Search code examples
pythonpython-itertoolstee

tee() function from itertools library


Here is an simple example that gets min, max, and avg values from a list. The two functions below have same result. I want to know the difference between these two functions. And why use itertools.tee()? What advantage does it provide?

from statistics import median
from itertools import tee

purchases = [1, 2, 3, 4, 5]

def process_purchases(purchases):
    min_, max_, avg = tee(purchases, 3)
    return min(min_), max(max_), median(avg)

def _process_purchases(purchases):
    return min(purchases), max(purchases), median(purchases)

def main():
    stats = process_purchases(purchases=purchases)
    print("Result:", stats)
    stats = _process_purchases(purchases=purchases)
    print("Result:", stats)

if __name__ == '__main__':
    main()

Solution

  • Iterators can only be iterated once in python. After that they are "exhausted" and don't return more values.

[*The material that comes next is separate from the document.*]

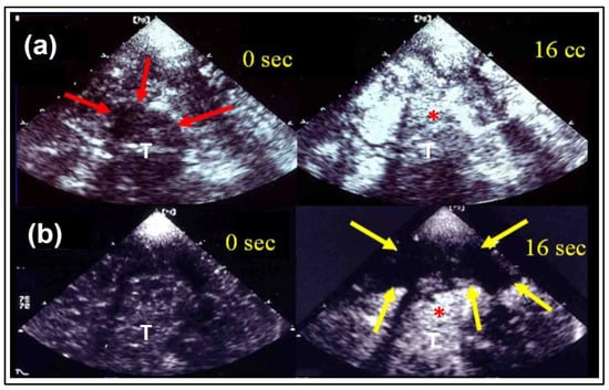 Ultrasound perfusion imaging in the course of time. Early “unilateral” gray-scale imaging in a healthy volunteer (a) and an acute stroke patient (b) corresponding to Figure 1: at baseline (0 s) and after contrast enhancer application at the time of maximal contrast enhancement (16 s). The thalamic region (red arrows) is marked with increase of brightness in both examples (*), whereas the regions of the lentiform nucleus and temporoparietal lobe are spared (yellow arrows), where later infarction was demonstrated in CCT follow-up. (T) indicates the third ventricle, adapted from [15] with permission from Elsevier.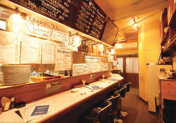 路地裏にある隠れ家的な佇まい。ビールはエビス生ビールが一杯300円、各種ワインもグラス一杯300円~とロケーションから考えると信じられないようなコストパフォーマンスを実現しており、グラスワインだけで約30種類を揃える。

    You can see this in functions like map(), zip(), filter() and many others:

    purchases = [1, 2, 3, 4, 5]
    
    double = map(lambda n: n*2, purchases)
    
    print(list(double))
    # [2, 4, 6, 8, 10]
    
    print(list(double))
    # [] <-- can't use it twice
    

    You can see the difference between your two functions if you pass them an iterator, such as the return value from map(). In this case _process_purchases() fails because min() exhausts the iterator and leaves no values for max() and median().

    tee() takes an iterator and gives you two or more, allowing you to use the iterator passed into the function more than once:

    from itertools import tee
    from statistics import median
    
    purchases = [1, 2, 3, 4, 5]
    
    def process_purchases(purchases):
        min_, max_, avg = tee(purchases, 3)
        return min(min_), max(max_), median(avg)
    
    
    def _process_purchases(purchases):
        return min(purchases), max(purchases), median(purchases)
    
    double = map(lambda n: n*2, purchases)
    _process_purchases(double)
    # ValueError: max() arg is an empty sequence
    
    double = map(lambda n: n*2, purchases)
    process_purchases(double)
    # (2, 10, 6)